Effects of Anticoagulant Preventive Injection in Patients With Blood Cancer

Phase 2

Completed

• Conditions: Lymphoma; Multiple Myeloma
• Interventions: Drug: Tinzaparin; Other: Blood sample

• Registration Number: NCT02260414
• Lead Sponsor: Centre Hospitalier Universitaire de Saint Etienne

Brief Summary

In cancer, the incidence of venous thromboembolism (VTE) is particularly high in patients with myeloma, especially when it is de novo and treated with thalidomide, lenalidomide or erythropoietin. Curiously, the prevention of VTE with LMWH (low-molecular-weight heparin) in myeloma seems no more effective than that achieved with aspirin, while the effectiveness of the latter in the primary prevention of VTE has never been demonstrated regardless of the type of population considered. Meanwhile, a biological study showed that prophylactic doses of LMWH in patients with different types of cancer did not always optimal reduction of thrombin peak during the 24 hours following the injection of LMWH. These clinical and biological studies lead to the conclusion that patients with myeloma may be resistant to the usual doses of preventive LMWH, which may explain the failure of prevention.

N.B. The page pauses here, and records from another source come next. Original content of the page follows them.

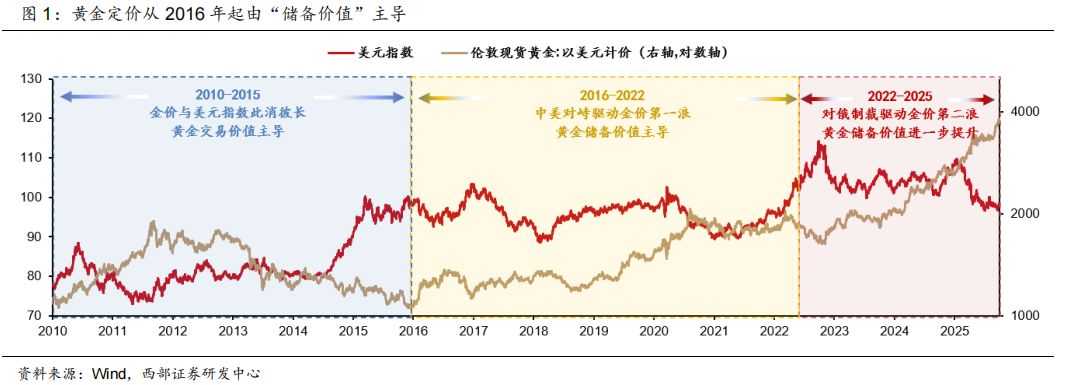 美元信用裂痕扩张,金价将开启长期牛市?美国国家公信力流失之下,美元信用体系迎来前所未有的考验,全球央行储备格局也在不断演变。西部证券研报提及,2016年以来,黄金定价从“交易价值”主导切换到“储备价值”主导,随着美元信用裂痕持续扩张,金价将开启长期牛市。
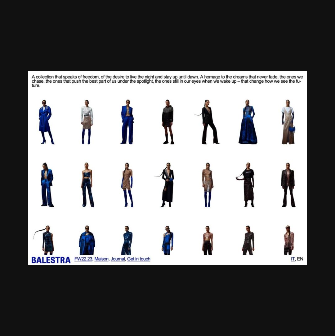 0371 balestraroma.com Fashion, Big Images, Big Title, Big Typography, Clean, Creative Layout, Large Scale, Light, Simple, White Space, Black, White, Italy. Design: Norma. Development: Norma. (12-03-2022) ←Close
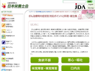 がん治療中の副作用の症状別に、献立の工夫と対応のポイントとともにレシピをご紹介しています。※専門分野別人材育成事業のがん分野におけるモデル研修への受講者から提出されたものより一部を掲載しています。提供施設名については承諾が得られた施設のみ表示しています。参考にされる場合、献立等の詳細をご覧いただき、実際の症状をよく検討の上、ご活用ください。

Initially we intend to investigate whether this resistance to prophylactic doses of LMWH is present in patient's biology and if this resistance is specific to myeloma in hematological cancers. For this, we propose to study the evolution of thrombin generation by Thrombinography during 24 hours after subcutaneous injection of 4500 anti-Xa IU Tinzaparin in 6 patients with de novo myeloma whit high thrombo embolic risk ie treated with thalidomide, lenalidomide or erythropoietin. LMWH is Tinzaparin chosen because it does not accumulate in patients with impaired renal function, and has a greater anti-biological activity thrombotic than other LMWH.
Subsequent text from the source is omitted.